Bible Verse: Even youths grow tired and weary,
and young men stumble and fall;
but those who hope in the Lord
will renew their strength.
They will soar on wings like eagles;
they will run and not grow weary,
they will walk and not be faint. (Isaiah 40:30-31)
Scripture Reading: Proverbs 13:12
In the mid-1980s, I was six years old, and all I wanted for Christmas was a computer.
I must have seen one on a show or in a movie, as home computers were not widespread at that point, but in my 6-year-old wisdom, all I needed in life was a computer, at a time when that would set you back $8-10,000 in today’s money. I can’t imagine I even understood what a computer was.
I still vividly remember the Christmas season that year. A computer was the only thing I wanted. The countdown was on. I was so excited. I didn’t know for sure if I would get one, but the anticipation was real and intense.
That Christmas morning, I raced to the tree, found a box with my name on it, tore off the wrapping paper, and beheld my new computer, and my joy was complete.

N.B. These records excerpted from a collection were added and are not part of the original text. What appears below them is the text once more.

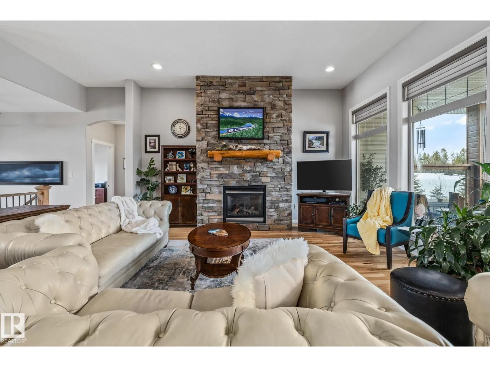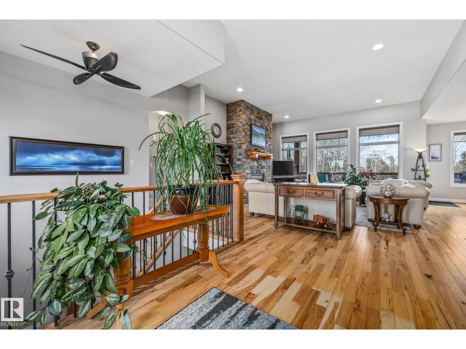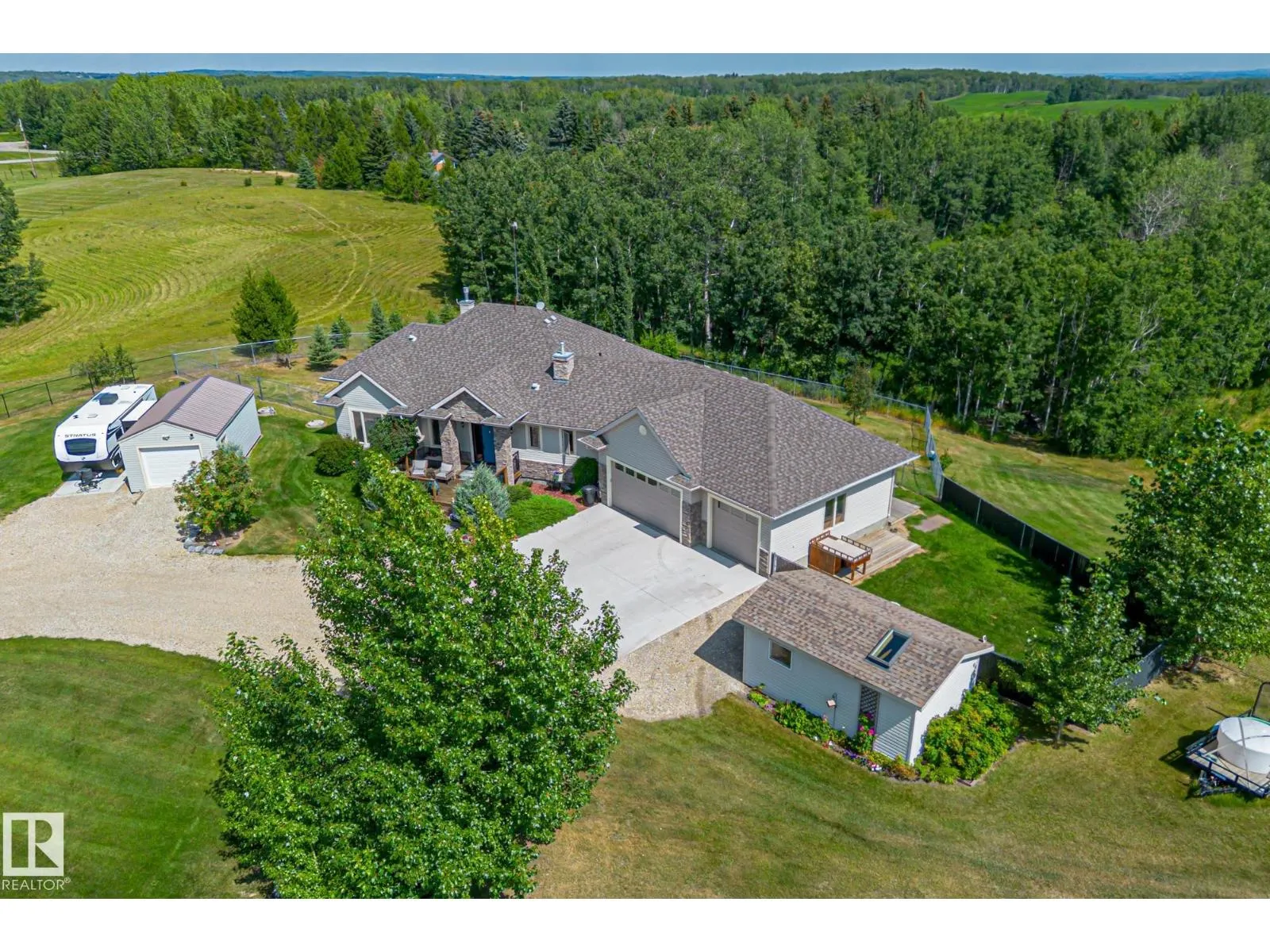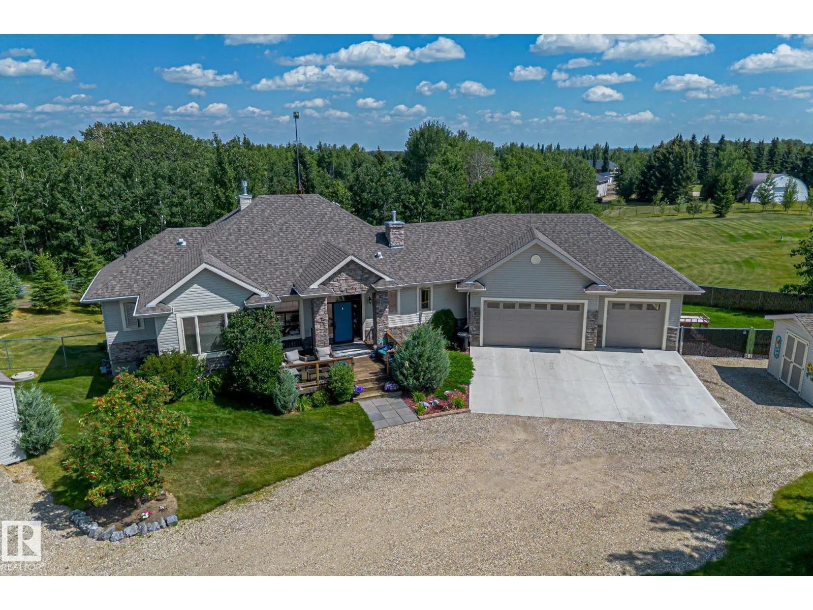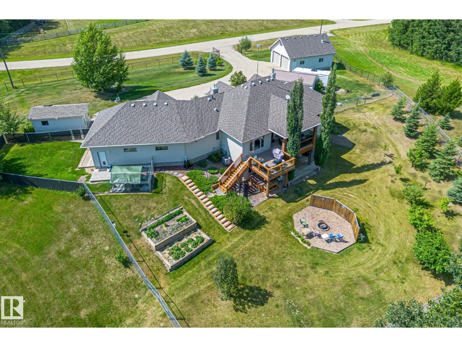 Welcome to this beautifully landscaped and updated walkout bungalow just minutes from Stony Plain. Complete with A/C, a triple attached garage, and a fully equipped shop, this property is ideal for both space and tranquility. Step inside to a bright, open concept main floor featuring an abundance of natural light and a stunning floor to ceiling stone fireplace as the focal point of the living area. New hardwood flooring flows seamlessly to the kitchen and dining space, complete with a covered back deck, perfect for entertaining. The private backyard is a true retreat, showcasing raised garden beds, mature fruit trees, and a relaxing hot tub. The spacious primary suite offers a beautifully renovated ensuite with in-floor heat, stand up shower a luxurious tub. The fully finished walkout basement features a large rec room with bar area, two additional bedrooms, a den, and 4 pc bath. Triple attached garage and a detached shop offer ultimate space for vehicles, toys, and projects, luxury acreage living! (id:27476)
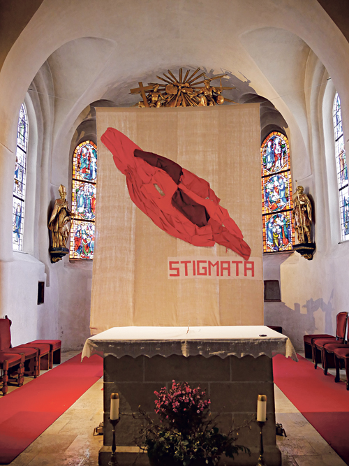 „Inspiriert von der Kreuzigungsgruppe im linken Seitenschiff unserer Kirche, besonders von den Wundmalen Christi, habe ich das heurige Fastentuch entwickelt“, erklärt die Religionspädagogin Marion Grubelnik aus Hörsching. Das Material des Fastentuchs ist in Anklang an die Kleidung zur Zeit Jesu und an grobe Bußgewänder eine „Leinwand“ aus handgewebtem, altem Bauernleinen, gestiftet von Gertraud und Johann Putz aus Grossenschwandt. Auf dem Tuch findet sich mit roten Stoffen ausgeführt eine klaffende Wunde, die an die Seitenwunde Christi erinnert, dazu kommt der Schriftzug „Stigmata“. „Die Darstellung soll zum Nachdenken über Stigmata anregen, über Wundmale, Verwundungen, wunde Punkte, soziale Makel und Etikettierungen“, erläutert Marion Grubelnik.
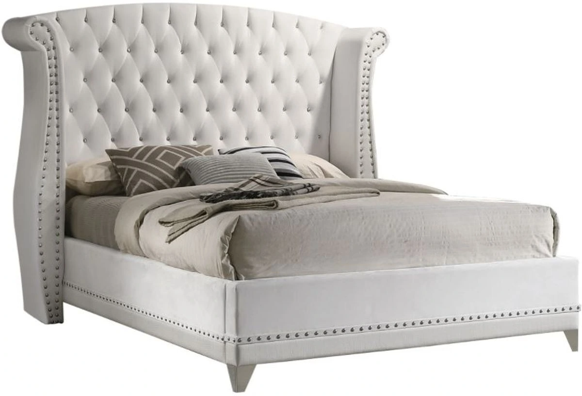 This majestic upholstered bed in soft white velvet, accented with crocodile textured white leatherette and individually hammered silver nailheads will add a touch of elegance to your sleeping environment

Now, my parents were generous but not foolish. It wasn’t a ridiculously expensive home computer. They had bought me a toy computer from Sears that did simple spelling and math games. It was glorious to me, and when I looked it up online just now, I found a video showing it off, and I was instantly 6 years old again. It’s simple and lame by today’s standards, of course, but at that time, at my age, it was truly amazing.
The waiting had paid off. The anticipation had been fulfilled. I loved that toy so much, and it hung around for years before it eventually broke.
Proverbs 13:12 says, “Hope deferred makes the heart sick, but a longing fulfilled is a tree of life.” While a child’s Christmas anticipation is a relatively silly application of such a beautiful verse, it points to truth in much more significant matters.
Hope always requires waiting. We hope because we are looking for something more. We hope because we have been promised something. We hope because we know there is more to life than this.
When Jesus was born in Bethlehem, Israel had been waiting for literally thousands of years for the Messiah to arrive—waiting, and hoping. Trusting God to do what He said. Pushing through the dark and doubting times.
And when we do this, Isaiah says, when we wait on and hope in the Lord, we encounter strength. Waiting and hoping isn’t always easy, but we will have the grace we need to wait upon the Lord. We will find strength where there was none in order to push through. Like eagles, we’ll catch the air current of the Spirit and soar, leaning on the wind and not on ourselves.
Waiting and hoping is part of what Christmas is all about. We hope and trust because He is good and because He is faithful.
Prayer: Lord, in accordance with Your Word, strengthen me in my waiting as I put my hope in You. Amen.
Reflection: When you think back to previous waiting times in your life, what has helped you get through them? How might that help you now, whatever you are waiting on God for?